Tuesday, 20 March 2007

Believing in the Majority

Overcoming Bias has a very interesting entry today, on ‘Philosophical Majoritarianism’. Firstly, it is very obvious that the author do not believe entirely in what he wrote, especially given the frivolity of the exposition. Secondly, I believe he meant for it to be more of a thought experiment (Scott Adam’s God’s Debris comes to mind). But I could be wrong.


The premise of the argument in the post is set up as below:


  1. We are hopelessly biased in forming opinions and exceptionally susceptible to the overconfidence bias.
  1. Given some assumptions, the opinion of the majority is normally closer to the truth than ours (Friederich Hayek’s The Use of Knowledge in Society and, less formally, James Surowiecki’s The Wisdom of Crowds come to mind).

  1. Thus, to avoid bias, we should not be forming our opinions independently first, but rather take the majority opinion as the default opinion, and then only adopt a different view for exceptionally good and convincing reasons.

Then, Hal Finney, the author (earlier discussion on his religious quandary is also quite fun to read), practically asked for the analysis and argument to be torn apart.


Although the analysis might be flawed, I do believe there is some wisdom in the basic principle of his argument.


Elanor


PS: Oh, I commented.

7 comments:

zcer said...

Wow, it is indeed an interesting entry. Thanks for blogging about it. I commented too.

I revise my previous comment on the relevance of evolutionary psychology to cognitive biases. It is not only makes much more sense, but is crucial in interpreting what our biases really are, and the proper way of dealing with them.

Robin Hanson said...

I suppose it seems provincial of me, but it seems so cool to me that someone way out Malaysia likes our Overcoming Bias blog! :)

Anonymous said...

reading the " overcoming bias " articles i guess, helps to trigger more creative thinking and expands the mind, which to me, is a good thing.

from here, I have now started to read more about jurors and hindsight bias :)

feliz

Elanor said...

But Dr Hanson, biases are universal!

Haha, anyway, Overcoming Bias is definitely one of my favourite blogs - have been following it religiously (although silently).

And thank you for dropping by :)

Malik Imtiaz Sarwar said...

I have not had a chance to look at Overcoming Bias and so will take what you've written as setting out the essence of the posting you refer to.

Malaysia is a country in which 'general rules' do not apply. We cannot assume that the majority operates as majorities do elsewhere. Logic and reason do not appear to have any significant role to play in the minds of those we hear (granted there is a silent majority, but seeing as how it is silent I will assume that it has no significant influence). From this vantage point, taking the majority view in Malaysia as being a more truthful default position is an invitation to mayhem.

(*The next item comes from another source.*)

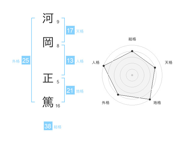 河岡 正篤さんの天格は17画の4点!

A while ago, I was in Oxford for a Masters degree in International Human Rights. Juan Mendez, a brilliant man, was a tutor in advocacy/regional mechanisms in human rights. He started off the term with a declaration that we were free to draw on examples from our respective countries in setting up hypotheticals. After a while, he told me to stop offering scenarios. The Malaysian situation appeared to him to be one in which no reason could be employed. From the curbing of the freedom of expression to the lack of an independent and competent judiciary to corruption and abuses of power. It seemed to him, like it does to me, that we had all fallen through the looking glass.

Thanks for stopping by at my blog. I enjoyed my first visit to yours. Good luck

Malik Imtiaz

zcer said...

I like Dr.Hanson's work on the Economics of Brain Simulations. Where he considers how artificial intelligence will free economic growth from the limits of human population growth. Leading to possible doublings of wealth in time-spans less than a week...

Also other speculative but economically and technologically informed works of his at http://hanson.gmu.edu/vita.html

I think i'm now much more interested in economics than before. Haha.

Anonymous said...

I like to share this conversation I had with my teen age son.
We were discussing evolution and religion. If we take the major religions of the world and evolution, non of them is the majority, and all claim to represent the truth, since their claims are different, they can not be all true. Hence, even if truth is within the groups, the group that is right is only the minority! It is pretty disturbing to realise that the majority of the population believe in the wrong thing and many are willing to die or kill each other for a wrong believe.
What faith can we have in the majority? All will know is that most of them will be wrong!